License-File: LICENSE
Requires-Python: >=3.11
Requires-Dist: click>=8.1.8
Requires-Dist: numpy>=2.2.5
Requires-Dist: pandas-stubs>=2.2.3.250527
Requires-Dist: pandas>=2.2.0
Requires-Dist: pyfastx>=2.2.0
Requires-Dist: rich==13.9.2
Requires-Dist: safetensors>=0.5.3
Requires-Dist: torch>=2.5.1
Requires-Dist: transformers>=4.56.2
Requires-Dist: typer>=0.15.2
Provides-Extra: torch
Requires-Dist: torch==2.5.1; extra == 'torch'
Description-Content-Type: text/markdown

# EasyEvo2

[![Python 3.11+](https://img.shields.io/badge/python-3.11+-blue.svg?style=for-the-badge)](https://www.python.org/downloads/release/python-3110/)
[![pypi](https://img.shields.io/pypi/v/easyevo2.svg?style=for-the-badge)](https://pypi.org/project/easyevo2)
[![License: MIT](https://img.shields.io/badge/License-MIT-yellow.svg?style=for-the-badge)](https://opensource.org/licenses/MIT)

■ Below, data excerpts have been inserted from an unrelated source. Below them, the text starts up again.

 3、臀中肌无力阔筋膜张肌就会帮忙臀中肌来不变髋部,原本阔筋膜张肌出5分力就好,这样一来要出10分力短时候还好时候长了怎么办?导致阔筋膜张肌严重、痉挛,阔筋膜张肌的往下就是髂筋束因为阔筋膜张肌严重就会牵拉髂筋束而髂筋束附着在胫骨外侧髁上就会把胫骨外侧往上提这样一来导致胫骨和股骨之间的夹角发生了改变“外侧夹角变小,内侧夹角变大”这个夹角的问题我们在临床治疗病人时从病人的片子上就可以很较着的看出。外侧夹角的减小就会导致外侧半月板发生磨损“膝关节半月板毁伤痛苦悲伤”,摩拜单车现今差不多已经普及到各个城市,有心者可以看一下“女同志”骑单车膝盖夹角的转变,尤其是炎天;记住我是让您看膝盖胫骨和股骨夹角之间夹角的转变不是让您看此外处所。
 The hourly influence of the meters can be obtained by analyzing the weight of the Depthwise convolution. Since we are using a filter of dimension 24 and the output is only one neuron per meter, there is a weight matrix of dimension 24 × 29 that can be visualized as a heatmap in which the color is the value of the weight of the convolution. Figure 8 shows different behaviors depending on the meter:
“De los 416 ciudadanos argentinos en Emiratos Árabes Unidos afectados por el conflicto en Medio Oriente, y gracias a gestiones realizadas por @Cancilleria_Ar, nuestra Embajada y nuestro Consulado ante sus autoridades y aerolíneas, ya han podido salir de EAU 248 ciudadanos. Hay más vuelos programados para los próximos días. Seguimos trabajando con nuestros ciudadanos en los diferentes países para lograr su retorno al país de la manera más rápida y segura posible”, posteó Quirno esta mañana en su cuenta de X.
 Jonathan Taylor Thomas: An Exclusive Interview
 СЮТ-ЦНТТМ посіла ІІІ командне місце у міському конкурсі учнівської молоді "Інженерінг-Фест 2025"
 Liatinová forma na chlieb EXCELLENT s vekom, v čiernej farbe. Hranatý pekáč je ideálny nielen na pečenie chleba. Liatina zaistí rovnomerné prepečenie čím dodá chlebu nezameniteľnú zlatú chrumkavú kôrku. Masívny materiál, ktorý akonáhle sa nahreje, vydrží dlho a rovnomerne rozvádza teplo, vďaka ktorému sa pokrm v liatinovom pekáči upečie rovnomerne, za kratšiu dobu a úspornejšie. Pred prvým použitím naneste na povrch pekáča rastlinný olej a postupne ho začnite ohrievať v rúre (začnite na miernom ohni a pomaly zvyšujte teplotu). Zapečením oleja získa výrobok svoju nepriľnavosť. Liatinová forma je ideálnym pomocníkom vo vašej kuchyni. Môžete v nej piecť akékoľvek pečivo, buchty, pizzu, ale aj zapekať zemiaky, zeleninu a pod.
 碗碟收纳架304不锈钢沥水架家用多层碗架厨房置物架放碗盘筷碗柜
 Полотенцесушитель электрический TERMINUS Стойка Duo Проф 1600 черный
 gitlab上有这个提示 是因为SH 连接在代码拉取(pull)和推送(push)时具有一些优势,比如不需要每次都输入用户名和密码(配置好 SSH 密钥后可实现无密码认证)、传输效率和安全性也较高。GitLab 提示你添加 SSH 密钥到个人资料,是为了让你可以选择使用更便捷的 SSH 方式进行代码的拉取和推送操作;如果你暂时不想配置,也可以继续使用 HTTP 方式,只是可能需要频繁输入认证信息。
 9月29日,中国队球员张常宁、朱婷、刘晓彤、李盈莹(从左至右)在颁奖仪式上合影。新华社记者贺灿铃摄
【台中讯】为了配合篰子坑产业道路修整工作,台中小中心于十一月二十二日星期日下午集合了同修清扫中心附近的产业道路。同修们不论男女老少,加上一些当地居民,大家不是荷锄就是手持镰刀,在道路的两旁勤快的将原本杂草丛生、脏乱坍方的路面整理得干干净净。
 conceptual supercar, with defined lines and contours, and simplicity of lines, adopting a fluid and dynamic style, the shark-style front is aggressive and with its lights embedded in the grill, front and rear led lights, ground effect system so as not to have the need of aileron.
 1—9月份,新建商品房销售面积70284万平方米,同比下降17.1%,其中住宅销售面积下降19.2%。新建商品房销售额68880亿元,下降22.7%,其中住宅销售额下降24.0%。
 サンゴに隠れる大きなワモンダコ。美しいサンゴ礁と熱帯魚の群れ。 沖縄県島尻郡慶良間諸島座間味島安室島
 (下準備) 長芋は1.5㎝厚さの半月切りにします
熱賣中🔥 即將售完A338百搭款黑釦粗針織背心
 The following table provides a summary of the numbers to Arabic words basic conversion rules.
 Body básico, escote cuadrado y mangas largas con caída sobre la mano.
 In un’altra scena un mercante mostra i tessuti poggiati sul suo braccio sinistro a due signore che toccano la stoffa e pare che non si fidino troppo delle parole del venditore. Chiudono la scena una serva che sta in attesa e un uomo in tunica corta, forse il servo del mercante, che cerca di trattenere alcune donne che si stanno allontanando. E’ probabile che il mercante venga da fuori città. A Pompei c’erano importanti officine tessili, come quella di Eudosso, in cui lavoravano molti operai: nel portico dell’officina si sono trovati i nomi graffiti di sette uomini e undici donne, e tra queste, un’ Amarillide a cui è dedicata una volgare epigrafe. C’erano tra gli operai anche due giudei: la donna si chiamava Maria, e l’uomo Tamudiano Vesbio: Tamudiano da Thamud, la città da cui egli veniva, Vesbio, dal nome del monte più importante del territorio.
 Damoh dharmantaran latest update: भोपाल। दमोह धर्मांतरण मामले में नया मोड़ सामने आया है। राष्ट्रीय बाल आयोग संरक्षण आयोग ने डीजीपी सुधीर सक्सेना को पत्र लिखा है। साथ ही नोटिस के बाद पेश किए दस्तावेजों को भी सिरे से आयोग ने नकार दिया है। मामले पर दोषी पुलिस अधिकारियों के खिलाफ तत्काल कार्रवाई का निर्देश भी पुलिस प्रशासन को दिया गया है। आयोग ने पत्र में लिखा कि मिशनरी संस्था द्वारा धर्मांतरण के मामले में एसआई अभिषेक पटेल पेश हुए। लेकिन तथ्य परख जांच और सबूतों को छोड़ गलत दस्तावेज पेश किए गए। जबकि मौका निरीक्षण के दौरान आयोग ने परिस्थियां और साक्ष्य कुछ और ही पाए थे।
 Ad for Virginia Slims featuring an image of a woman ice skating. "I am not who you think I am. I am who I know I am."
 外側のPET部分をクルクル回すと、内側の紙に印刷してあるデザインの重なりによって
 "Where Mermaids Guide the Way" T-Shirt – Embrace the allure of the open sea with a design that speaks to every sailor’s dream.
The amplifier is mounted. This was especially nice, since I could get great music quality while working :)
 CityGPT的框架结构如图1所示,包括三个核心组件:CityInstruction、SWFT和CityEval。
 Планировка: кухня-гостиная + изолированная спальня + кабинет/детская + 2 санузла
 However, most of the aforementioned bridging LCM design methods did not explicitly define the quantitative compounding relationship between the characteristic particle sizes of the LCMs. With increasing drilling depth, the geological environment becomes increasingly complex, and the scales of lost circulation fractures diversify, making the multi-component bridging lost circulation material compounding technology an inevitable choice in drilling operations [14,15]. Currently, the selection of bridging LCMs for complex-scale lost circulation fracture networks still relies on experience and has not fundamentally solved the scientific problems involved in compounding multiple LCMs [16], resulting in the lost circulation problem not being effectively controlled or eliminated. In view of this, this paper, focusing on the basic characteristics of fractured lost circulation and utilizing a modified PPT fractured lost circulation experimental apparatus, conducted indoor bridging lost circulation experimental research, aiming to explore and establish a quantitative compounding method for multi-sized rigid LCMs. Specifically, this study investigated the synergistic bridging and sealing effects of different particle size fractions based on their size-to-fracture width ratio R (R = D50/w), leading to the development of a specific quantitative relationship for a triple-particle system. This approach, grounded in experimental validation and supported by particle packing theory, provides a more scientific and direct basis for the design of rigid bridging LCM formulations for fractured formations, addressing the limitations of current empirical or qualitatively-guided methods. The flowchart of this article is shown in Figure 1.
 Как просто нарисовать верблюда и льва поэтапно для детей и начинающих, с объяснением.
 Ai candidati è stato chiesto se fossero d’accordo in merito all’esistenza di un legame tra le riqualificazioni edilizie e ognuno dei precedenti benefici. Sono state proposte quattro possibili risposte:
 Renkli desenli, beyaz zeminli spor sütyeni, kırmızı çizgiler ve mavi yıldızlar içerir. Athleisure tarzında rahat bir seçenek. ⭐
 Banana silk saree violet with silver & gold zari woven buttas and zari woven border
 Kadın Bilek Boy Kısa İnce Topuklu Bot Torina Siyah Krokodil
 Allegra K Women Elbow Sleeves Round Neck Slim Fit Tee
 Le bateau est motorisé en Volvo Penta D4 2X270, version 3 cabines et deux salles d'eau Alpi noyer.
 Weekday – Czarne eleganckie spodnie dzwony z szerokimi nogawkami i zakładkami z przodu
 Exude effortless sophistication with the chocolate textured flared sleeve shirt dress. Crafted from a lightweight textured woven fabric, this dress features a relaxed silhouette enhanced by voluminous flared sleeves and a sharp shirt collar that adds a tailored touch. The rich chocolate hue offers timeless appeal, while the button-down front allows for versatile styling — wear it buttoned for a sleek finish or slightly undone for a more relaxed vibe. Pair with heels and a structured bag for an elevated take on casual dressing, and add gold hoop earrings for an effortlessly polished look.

A Python toolkit for easily using Evo2 models in bioinformatics workflows, particularly in HPC environments.

## Description

EasyEvo2 provides a simplified interface to Evo2 foundation models for sequence embedding.
It enables biologists and bioinformaticians to efficiently extract embeddings from DNA, RNA, or protein sequences without extensive deep learning expertise. It's specially designed to work well in High-Performance Computing (HPC) environments.

# Installation

```bash
# Install from PyPI
pip install easyevo2

# Or install from source
git clone https://github.com/ylab-hi/EasyEvo2.git
cd EasyEvo2
pip install .
```

## Usage

### Basic Usage

```bash
# Embed sequences from a FASTA/FASTQ file using the default model (evo2_7b)
easyevo2 embed input.fa

# Specify a different model and specific layer
easyevo2 embed input.fa --model-type evo2_40b --layer-name blocks.28.mlp.l3

# Specify a different model and multiple layers
easyevo2 embed input.fa --model-type evo2_40b --layer-name blocks.28.mlp.l3 blocks.28.mlp.l2

# Save to a specific output file
easyevo2 embed input.fa --output my_embeddings
```

The output will be a safetensor file containing the embeddings for each sequence in the input file.
We can load the embeddings using the `load_tensor` function:

```python
from easyevo2.io import load_tensor

embeddings = load_tensor("my_embeddings.mode.layer.safetensors")
print(embeddings)
# Output: {
# "seq1": torch.tensor([...]),
# "seq2": torch.tensor([...]),
# }
```

### Evo2 Memory Estimates

| Model         | GPU Memory Usage | Embedding Dimension | Batch Size |
| ------------- | ---------------- | ------------------- | ---------- |
| Evo2 1B Base  | 1.5 GB           | 2048                | 1          |
| Evo2 7B       | 15 GB            | 4096                | 1          |
| Evo2 40B Base | >80 GB\*         | --                  | 1          |
| Evo2 40B      | >80 GB\*         | --                  | 1          |

\* Estimated based on scaling from other models

**Notes:**

- Longer sequences require proportionally more memory
- H100 GPUs (80GB) can accommodate the 7B model with batch size 1 but may struggle with the 40B model

## Development

This project uses a Makefile to automate common development tasks:

```bash
# Show available commands
make help

# Run tests
make test

# Lint code
make lint

# Format code
make format

# Build package
make build
```

## License

This project is licensed under the MIT License - see the LICENSE file for details.

## Contributing

Contributions are welcome! Please feel free to submit a Pull Request.